Exercise aim:
Leave the pictures out while you restate every entry below word for word.

(Data extracted from a collection)
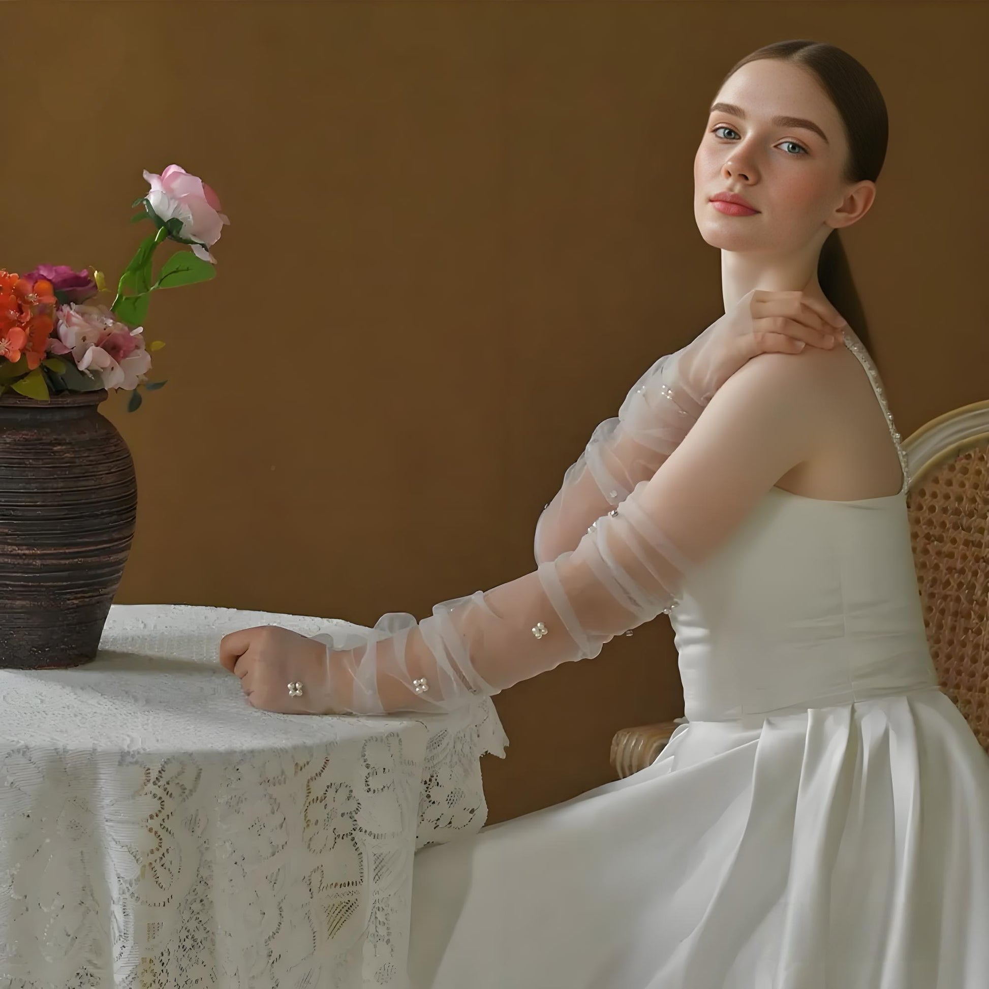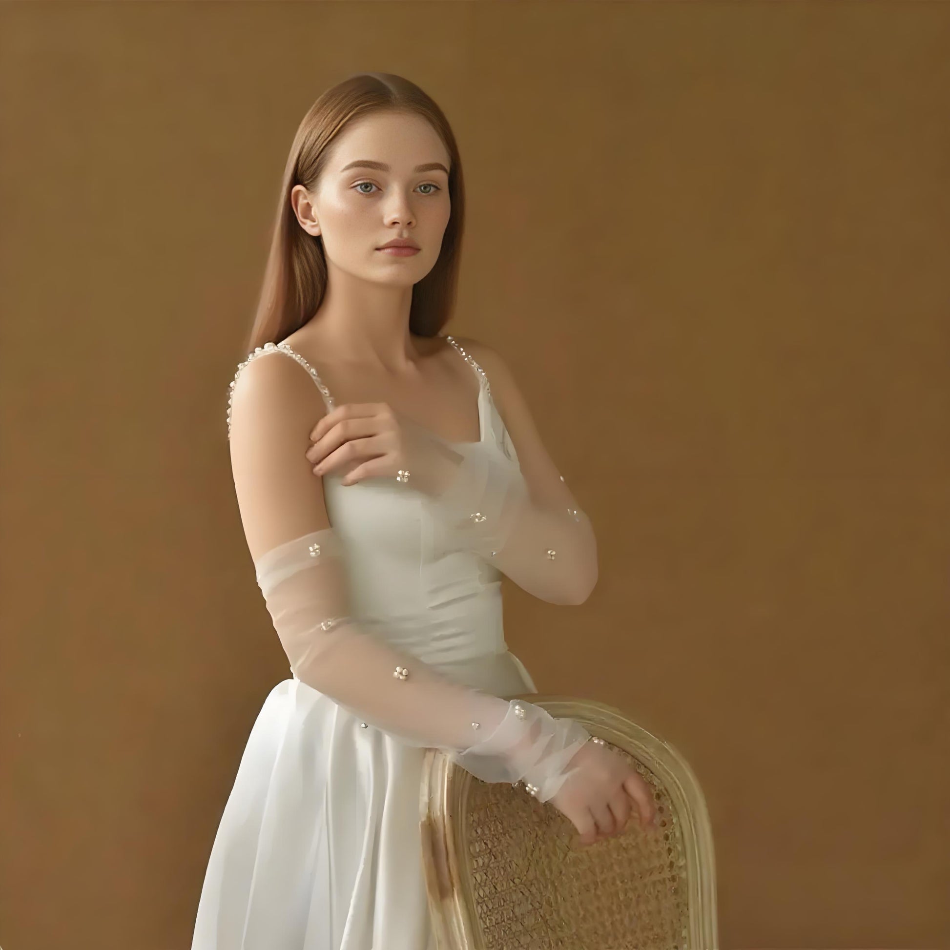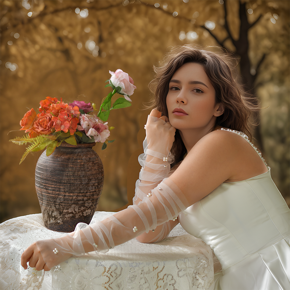 BRIDELLA BG35 Bridal Gloves Long Transparent Mesh Pearl Gloves Exquisite Rhinestone Embellished Wedding Gloves
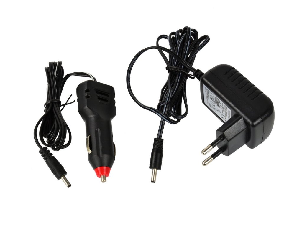 - 230 V sieťová nabíjačka a 12 V nabíjačka do zásuvky cigaretového zapaľovača sú súčasťou dodávky
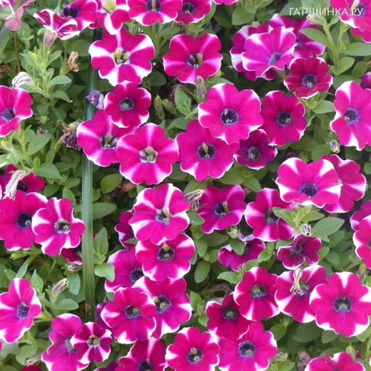 Петуния вегетативная Каскадиас Биколор Каберне - оригинальной, необычайно яркой окраски. Цветы ярко-тёмно-вишневые с белыми секторами и темным горлышком. Смотрится чудесно!
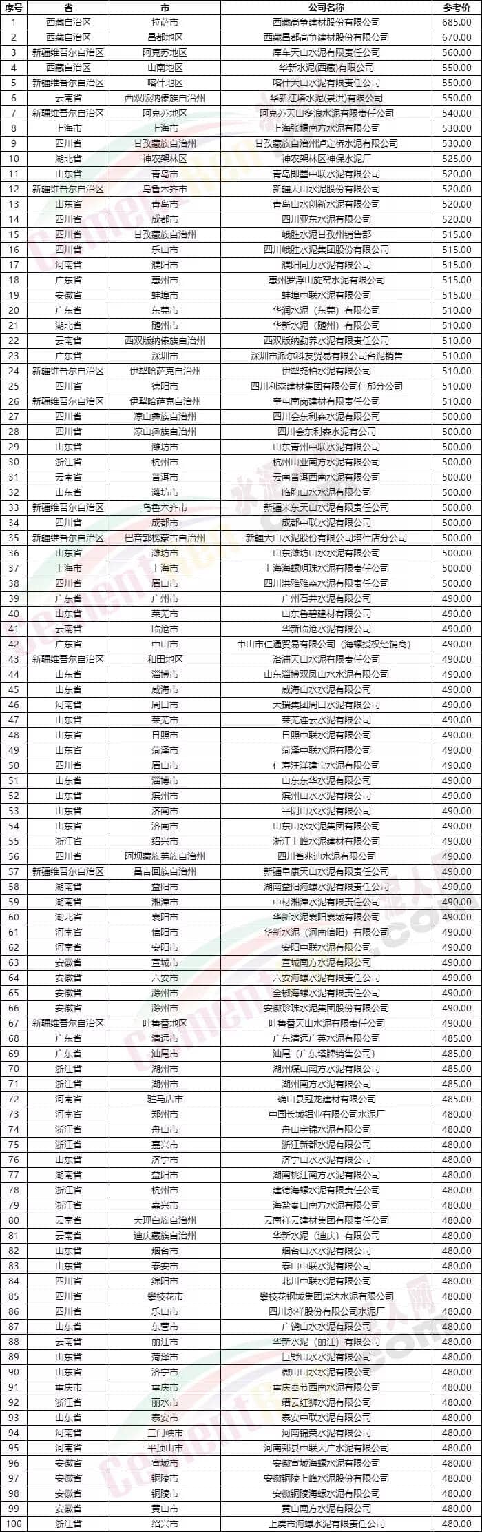 九月底華南廣東省粵東區(qū)域漲價(jià)落實(shí)后,粵西區(qū)域主導(dǎo)企業(yè)中材水泥、海螺水泥、華潤(rùn)水泥等陸續(xù)通知各標(biāo)號(hào)水泥在原執(zhí)行價(jià)格基礎(chǔ)上上調(diào)20元/噸。同期福建省全區(qū)域通知包散同漲20元/噸。(相關(guān)鏈接:金九銀十名不虛傳!九月連十月,海螺、中材、華潤(rùn)等集體漲價(jià))十月初,重慶市部分區(qū)域通知十一期間加強(qiáng)道路運(yùn)輸安全管理,要求重型貨車(chē)(渣土車(chē)、水泥罐車(chē)、以及石子車(chē)等建材材料運(yùn)輸車(chē)輛停運(yùn),導(dǎo)致部分區(qū)域工地停地待料,材料價(jià)格出現(xiàn)小幅上調(diào)。據(jù)了解,國(guó)家統(tǒng)計(jì)局近期公布的2019年9月中旬流通領(lǐng)域重要生產(chǎn)資料市場(chǎng)價(jià)格變動(dòng)情況顯示,24個(gè)省(區(qū)、市)200多個(gè)交易市場(chǎng)的普通硅酸鹽水泥(P.O 42.5散裝)均價(jià)為434.1元/噸。水泥人網(wǎng)信息中心重點(diǎn)監(jiān)控的近千家水泥企業(yè)價(jià)格數(shù)據(jù)顯示,10月初有半數(shù)以上企業(yè)水泥出廠價(jià)格達(dá)到或超過(guò)了9月中旬市價(jià)。附:2019年10月初部分企業(yè)水泥價(jià)格一覽(PO42.5散)
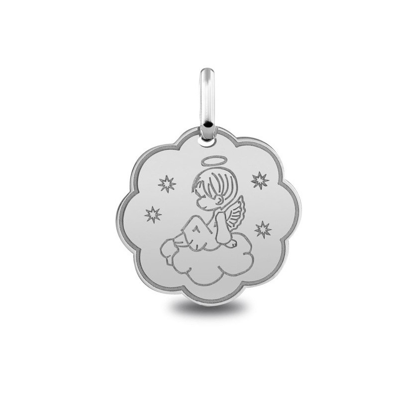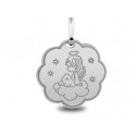 Médaille Ange nuage or blanc palladié 18K laser d'un diamétre de 16mm. Le poid d'or est de 1.20g
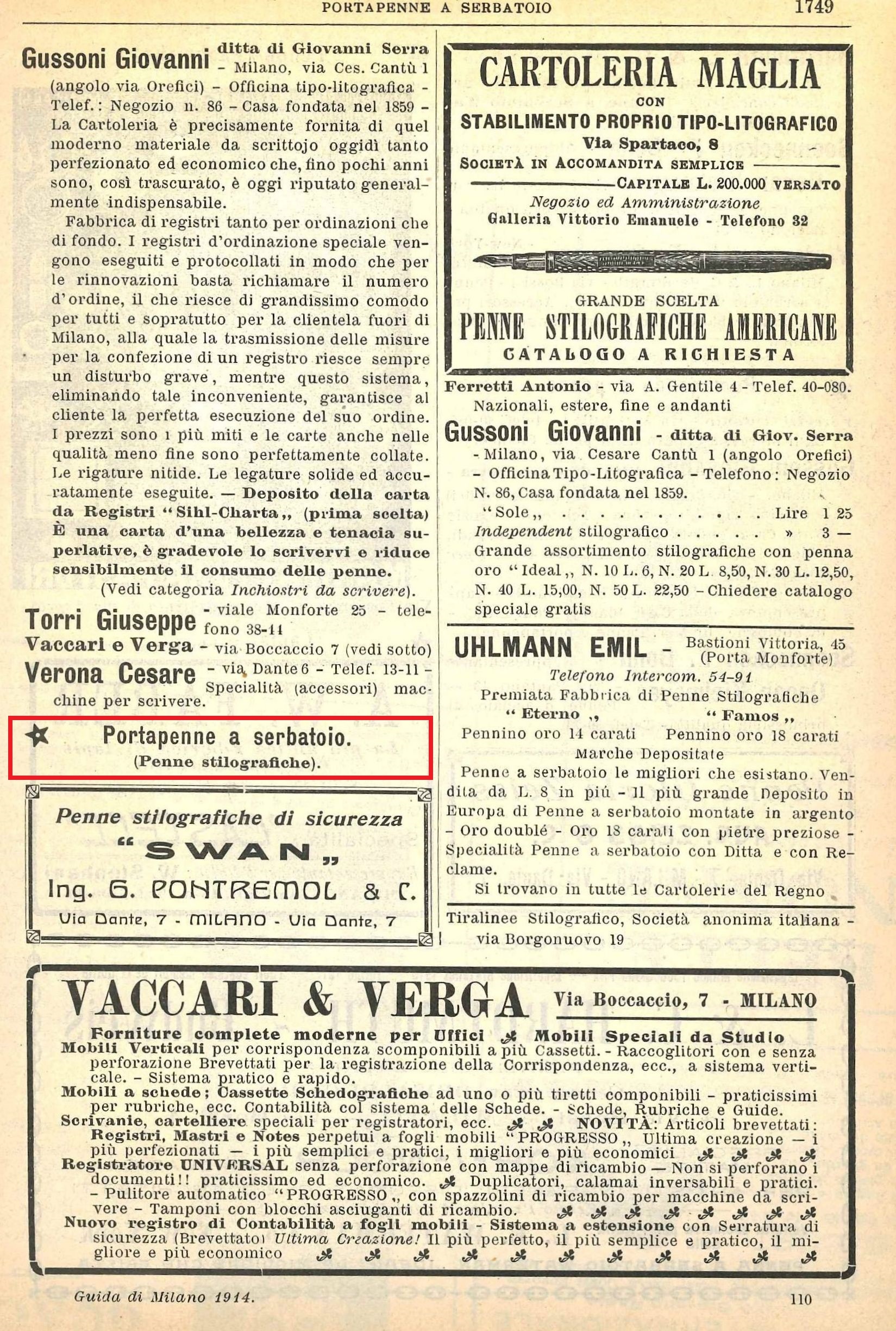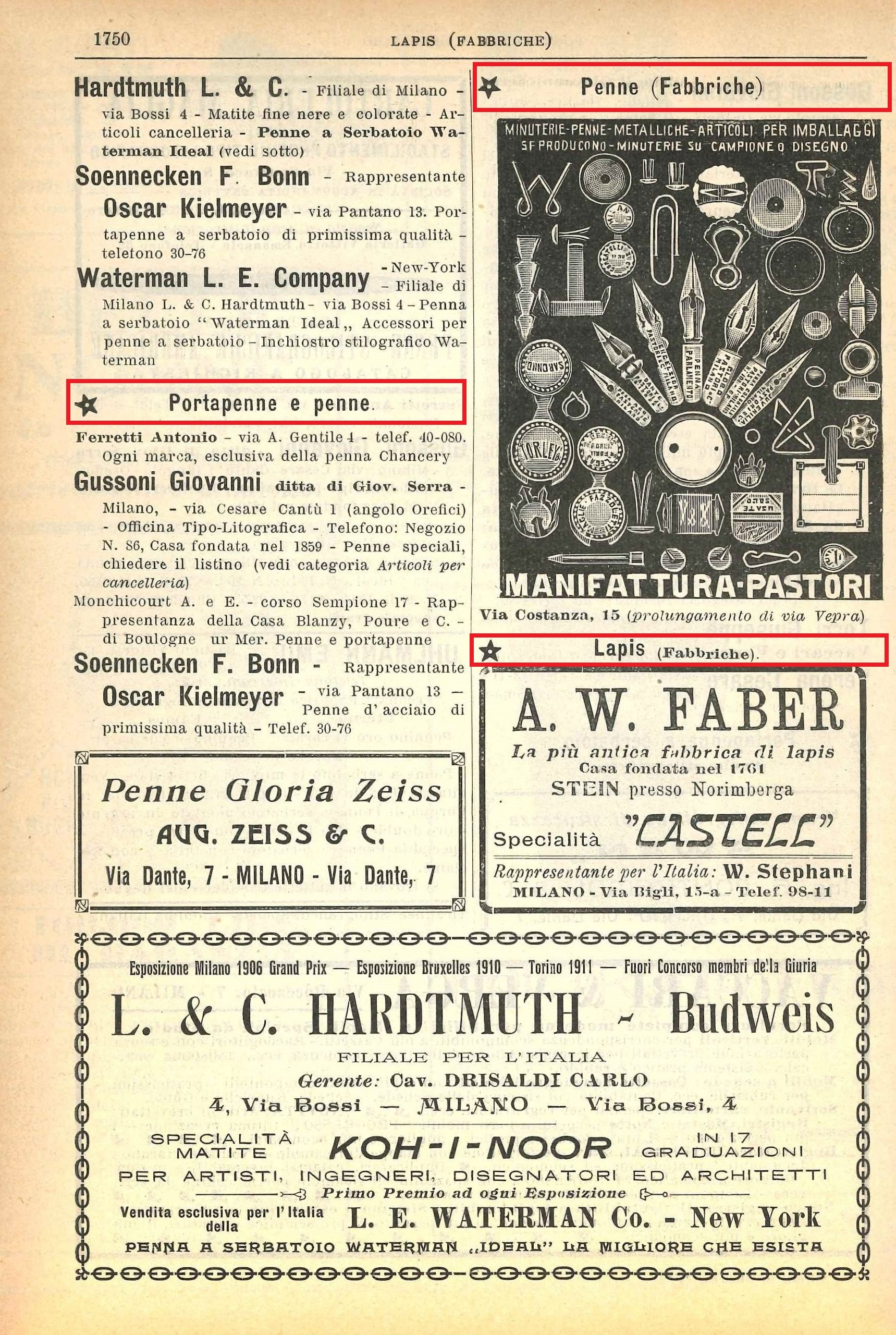 Musicus ha scritto: A pag.1749 e 1750, le inserzioni dei produttori e dei rivenditori di Penne Stilografiche: i soliti noti Swan, Uhlmann, Waterman, Soennecken.

Output of the task:
 BRIDELLA BG35 Bridal Gloves Long Transparent Mesh Pearl Gloves Exquisite Rhinestone Embellished Wedding Gloves
 - 230 V sieťová nabíjačka a 12 V nabíjačka do zásuvky cigaretového zapaľovača sú súčasťou dodávky
 Петуния вегетативная Каскадиас Биколор Каберне - оригинальной, необычайно яркой окраски. Цветы ярко-тёмно-вишневые с белыми секторами и темным горлышком. Смотрится чудесно!
 九月底華南廣東省粵東區(qū)域漲價(jià)落實(shí)后,粵西區(qū)域主導(dǎo)企業(yè)中材水泥、海螺水泥、華潤(rùn)水泥等陸續(xù)通知各標(biāo)號(hào)水泥在原執(zhí)行價(jià)格基礎(chǔ)上上調(diào)20元/噸。同期福建省全區(qū)域通知包散同漲20元/噸。(相關(guān)鏈接:金九銀十名不虛傳!九月連十月,海螺、中材、華潤(rùn)等集體漲價(jià))十月初,重慶市部分區(qū)域通知十一期間加強(qiáng)道路運(yùn)輸安全管理,要求重型貨車(chē)(渣土車(chē)、水泥罐車(chē)、以及石子車(chē)等建材材料運(yùn)輸車(chē)輛停運(yùn),導(dǎo)致部分區(qū)域工地停地待料,材料價(jià)格出現(xiàn)小幅上調(diào)。據(jù)了解,國(guó)家統(tǒng)計(jì)局近期公布的2019年9月中旬流通領(lǐng)域重要生產(chǎn)資料市場(chǎng)價(jià)格變動(dòng)情況顯示,24個(gè)省(區(qū)、市)200多個(gè)交易市場(chǎng)的普通硅酸鹽水泥(P.O 42.5散裝)均價(jià)為434.1元/噸。水泥人網(wǎng)信息中心重點(diǎn)監(jiān)控的近千家水泥企業(yè)價(jià)格數(shù)據(jù)顯示,10月初有半數(shù)以上企業(yè)水泥出廠價(jià)格達(dá)到或超過(guò)了9月中旬市價(jià)。附:2019年10月初部分企業(yè)水泥價(jià)格一覽(PO42.5散)
 Médaille Ange nuage or blanc palladié 18K laser d'un diamétre de 16mm. Le poid d'or est de 1.20g
 Musicus ha scritto: A pag.1749 e 1750, le inserzioni dei produttori e dei rivenditori di Penne Stilografiche: i soliti noti Swan, Uhlmann, Waterman, Soennecken.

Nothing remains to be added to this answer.